** Opening DATA SHOWN block **

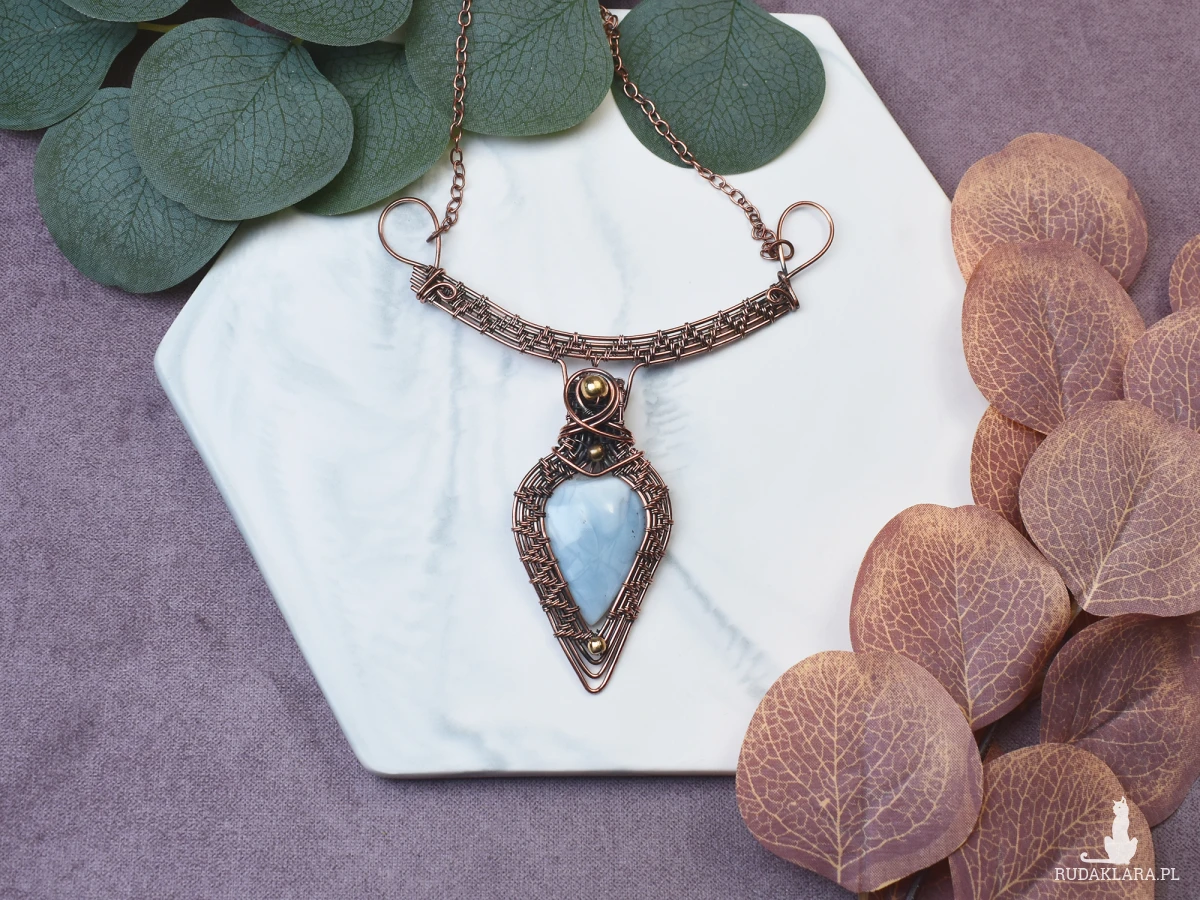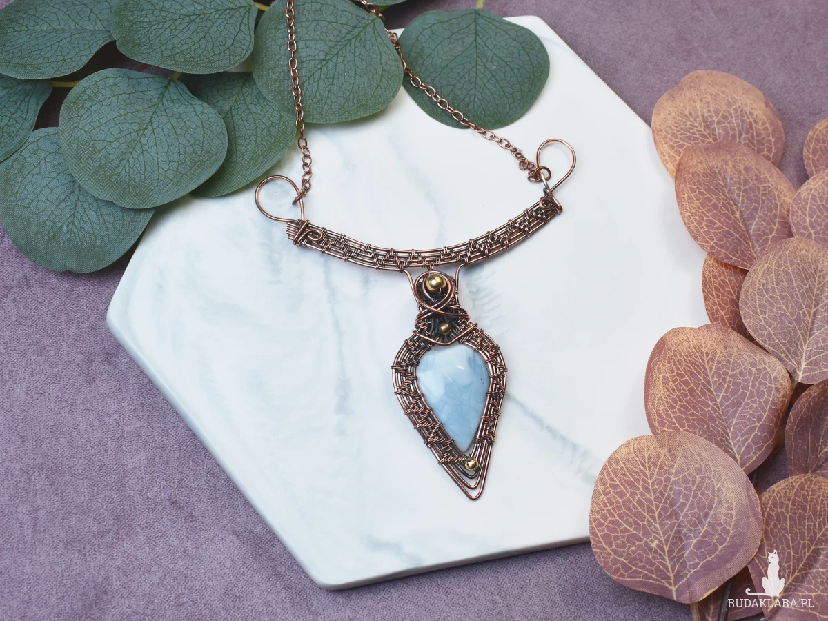 Ten miedziany naszyjnik wykonany techniką wire wrapping zachwyca prostotą i elegancją. Jego sercem jest piękny Owyhee Opal, który emanuje subtelnym blaskiem i niepowtarzalnymi refleksami. Miedź, starannie pleciona wokół kamienia, nadaje całości industrialnego uroku. Naszyjnik emanuje delikatnością i jednocześnie siłą natury, podkreślając unikalność noszącego.
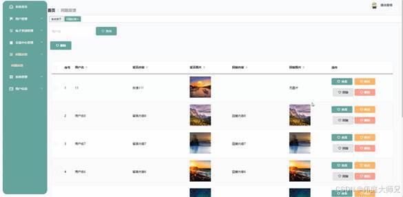 问题反馈功能在视图层。问题反馈页面的输入栏中输入用户名进行搜索,可以查看到用户发送的反馈详细信息,并根据需要进行修改、回复或者删除等操作;如图4-9所示。
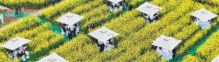 3月13日,游客在四川省南充市蓬安縣睦壩鎮(zhèn)武勝村油菜花田品嘗“花田席”。劉永紅 攝(中經(jīng)視覺(jué))
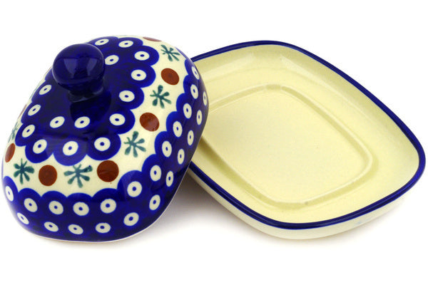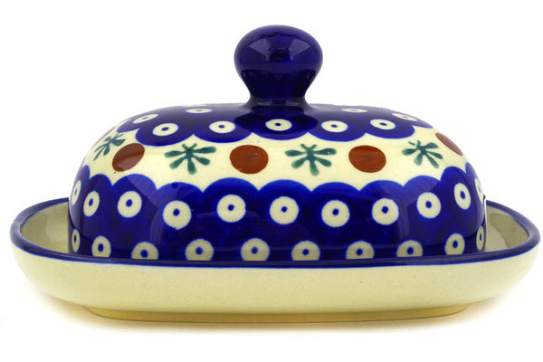 This Mosquito 6" Butter Dish was handmade and hand decorated in Boleslawiec, Poland by skilled artisans according to old traditional methods. This Polish stoneware is microwave, dishwasher, freezer, and oven safe up to 480°F. It does not contain lead or cadmium. It is part of the Mosquito Collection.

** Closing DATA SHOWN block **

## TASK
All of the material above is to be copied exactly, with no pictures.

## THE ANSWER
 Ten miedziany naszyjnik wykonany techniką wire wrapping zachwyca prostotą i elegancją. Jego sercem jest piękny Owyhee Opal, który emanuje subtelnym blaskiem i niepowtarzalnymi refleksami. Miedź, starannie pleciona wokół kamienia, nadaje całości industrialnego uroku. Naszyjnik emanuje delikatnością i jednocześnie siłą natury, podkreślając unikalność noszącego.
 问题反馈功能在视图层。问题反馈页面的输入栏中输入用户名进行搜索,可以查看到用户发送的反馈详细信息,并根据需要进行修改、回复或者删除等操作;如图4-9所示。
 3月13日,游客在四川省南充市蓬安縣睦壩鎮(zhèn)武勝村油菜花田品嘗“花田席”。劉永紅 攝(中經(jīng)視覺(jué))
 This Mosquito 6" Butter Dish was handmade and hand decorated in Boleslawiec, Poland by skilled artisans according to old traditional methods. This Polish stoneware is microwave, dishwasher, freezer, and oven safe up to 480°F. It does not contain lead or cadmium. It is part of the Mosquito Collection.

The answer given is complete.